There are a bunch of ways to grab the UUID for the partition, my favourite is blkid
, but one could also use lsblk -f
, the important part is to be clear which drive you’re looking for. In our case it’s the parition we created above and just used to make the filesystem. In the case of my example above vda1
.
blkid | grep vda1
/dev/vda1: UUID="be5da11f-6a49-4f7e-8496-0e47e745d941" BLOCK_SIZE="4096" TYPE="ext4" PARTUUID="1c5175d1-01"
Because we used grep
to select the correct drive in the output, there should only be a single line. If there is no output, try running blkid
alone without the grep portion.
UDEV Rule
I’m going to reproduce the UDEV rule here in case those links above go bad, I’ll select the shorter rule from the comments;
KERNEL!="vdb[0-9]", GOTO="abort_rule"
ACTION=="add", RUN{program}+="/usr/bin/mkdir -p /mnt/data/supervisor/media/frigate", RUN{program}+="/usr/bin/systemd-mount --no-block --automount=no --collect /dev/disk/by-uuid/<your UUID goes here> /mnt/data/supervisor/media/frigate"
ACTION=="remove", RUN{program}+="/usr/bin/systemd-umount /mnt/data/supervisor/media/frigate", RUN{program}+="/usr/bin/rmdir /mnt/data/supervisor/media/frigate"
LABEL="abort_rule"
While SSHd into the HAOS VM, place the lines above into a file located at /etc/udev/rules.d/80-mount-additional-storage.rules
.
Replace the <your UUID goes here>
with the UUID we grabbed from above, don’t include the quotes if it has any.

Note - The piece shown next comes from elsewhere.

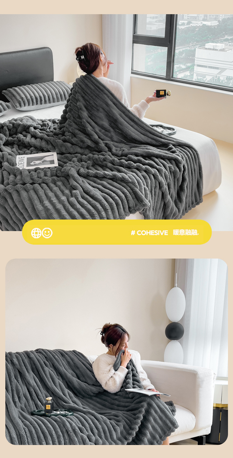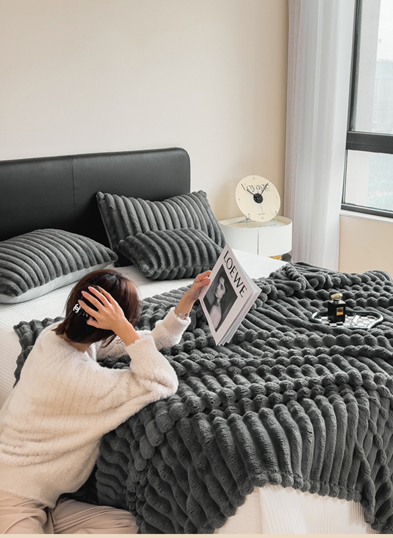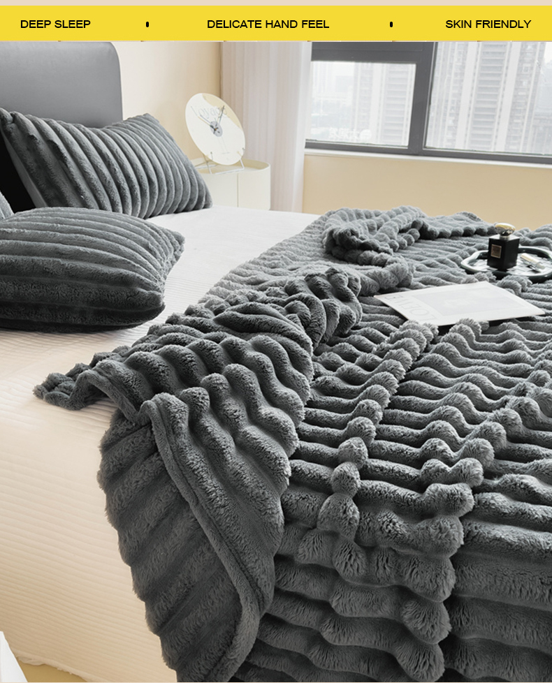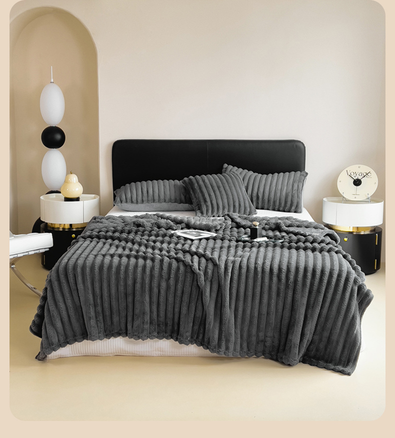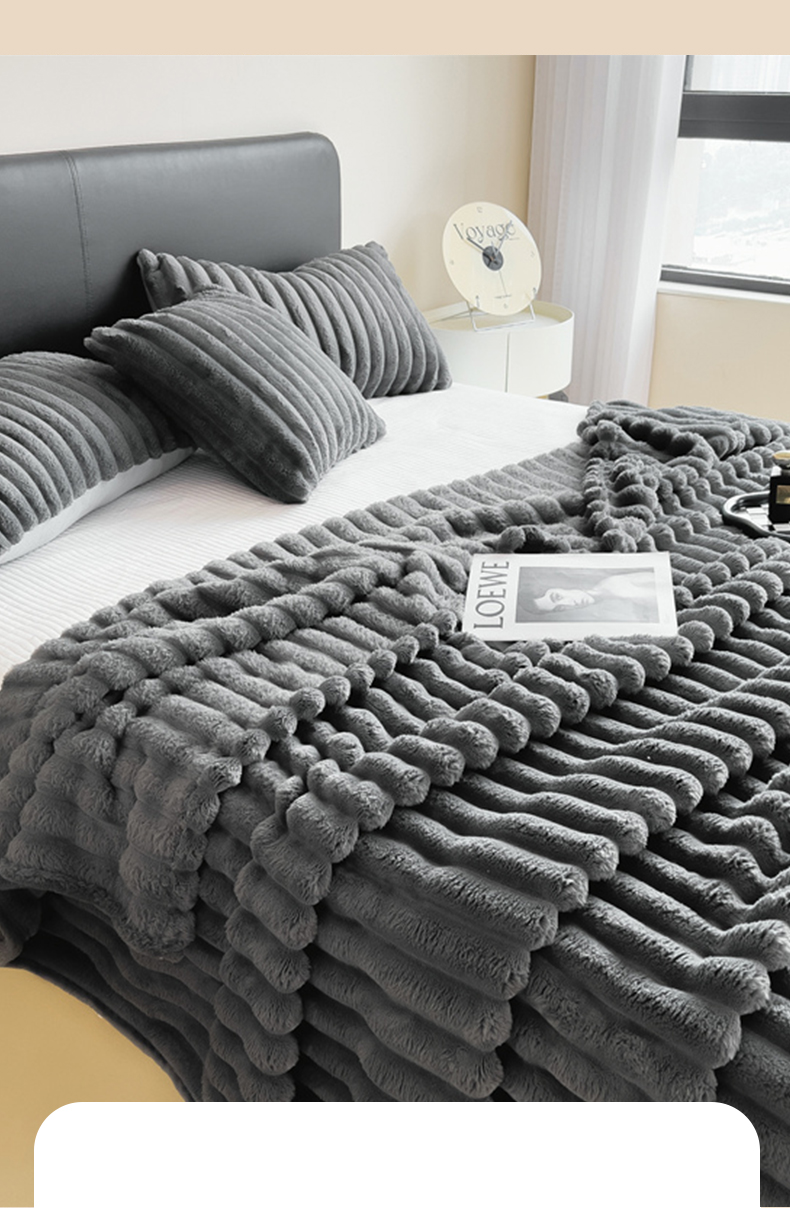 商品名称:一帆毯业 跨境外贸2025新款仿兔毛宽抽条牛奶绒盖毯 抽条深灰

There are unlikely to be many text editors installed in the VM so you may have to use
vi
.
To enter editing/writing mode, known as insert mode in
vi
, pressi
.
To write and exit in
vi
pressESC
then:wq<enter>
, that’s type: colon, w, q, <enter>
I prefer
vim
, for the record.
Finally, we should reload the UDEV rules so that the new rule is active;
udevadm control --reload-rules
Reboot.
Check everything worked
# df -h | grep vda1
/dev/vda1 884.8G 451.7M 839.3G 0% /mnt/data/supervisor/media/frigate
The df
command shows us filesystem usage, but it also tells us where certain drives are mounted. As we can see above, /dev/vda1
is mounted to /mnt/data/supervisor/media/frigate
.
That’s it we’re done. Frigate should now be writing its recording to the new drive.